> **EXERCISE INSTRUCTIONS**:
Using the data that follows, output only the lines from the line with "Aqui está um" up to and including the line with "NOAA 위성영상 표면수온", exactly, leaving pictures aside.

> **INPUT**:
=== Section Start ===

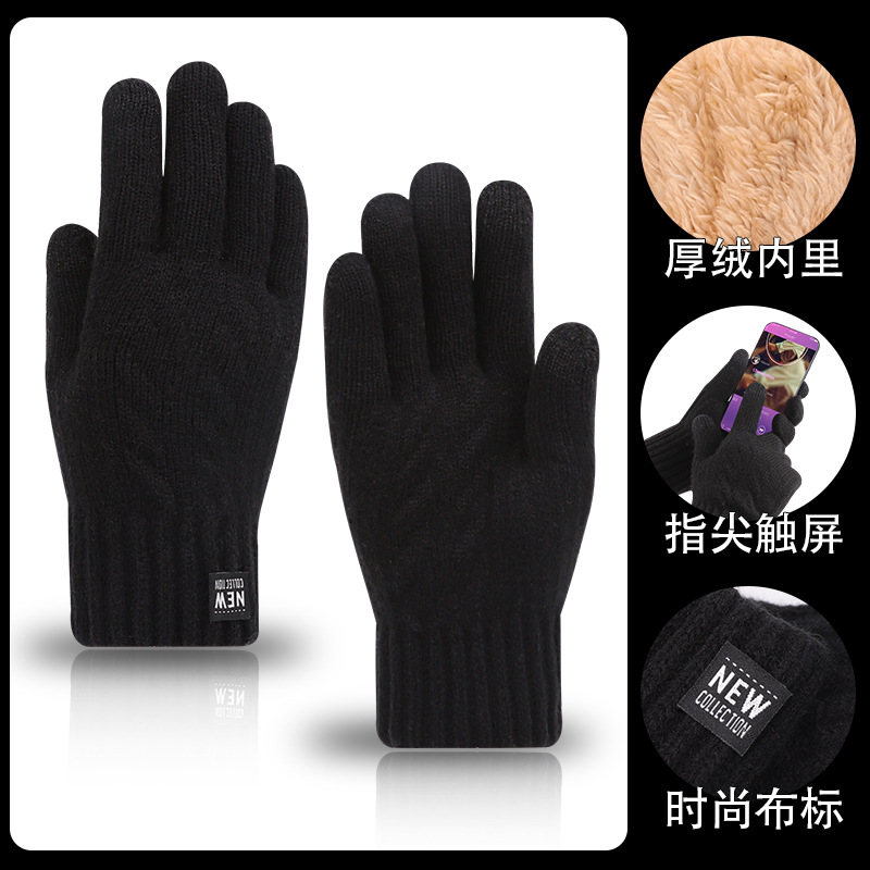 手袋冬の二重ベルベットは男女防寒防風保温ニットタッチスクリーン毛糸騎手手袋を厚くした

=== Section End ===
=== Section Start ===

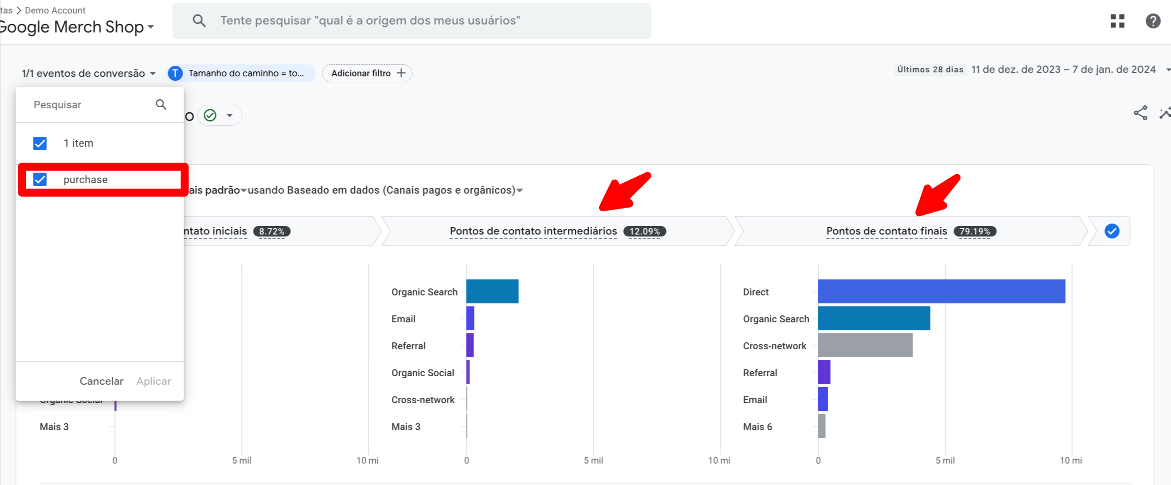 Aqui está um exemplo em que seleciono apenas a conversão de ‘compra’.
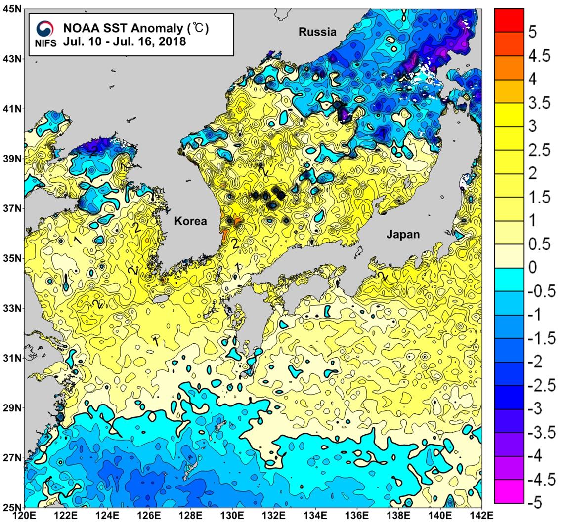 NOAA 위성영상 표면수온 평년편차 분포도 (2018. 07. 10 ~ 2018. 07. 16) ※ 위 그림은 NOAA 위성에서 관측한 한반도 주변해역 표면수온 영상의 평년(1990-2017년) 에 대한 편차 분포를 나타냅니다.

=== Section End ===

> **ANSWER SECTION**:
 Aqui está um exemplo em que seleciono apenas a conversão de ‘compra’.
 NOAA 위성영상 표면수온 평년편차 분포도 (2018. 07. 10 ~ 2018. 07. 16) ※ 위 그림은 NOAA 위성에서 관측한 한반도 주변해역 표면수온 영상의 평년(1990-2017년) 에 대한 편차 분포를 나타냅니다.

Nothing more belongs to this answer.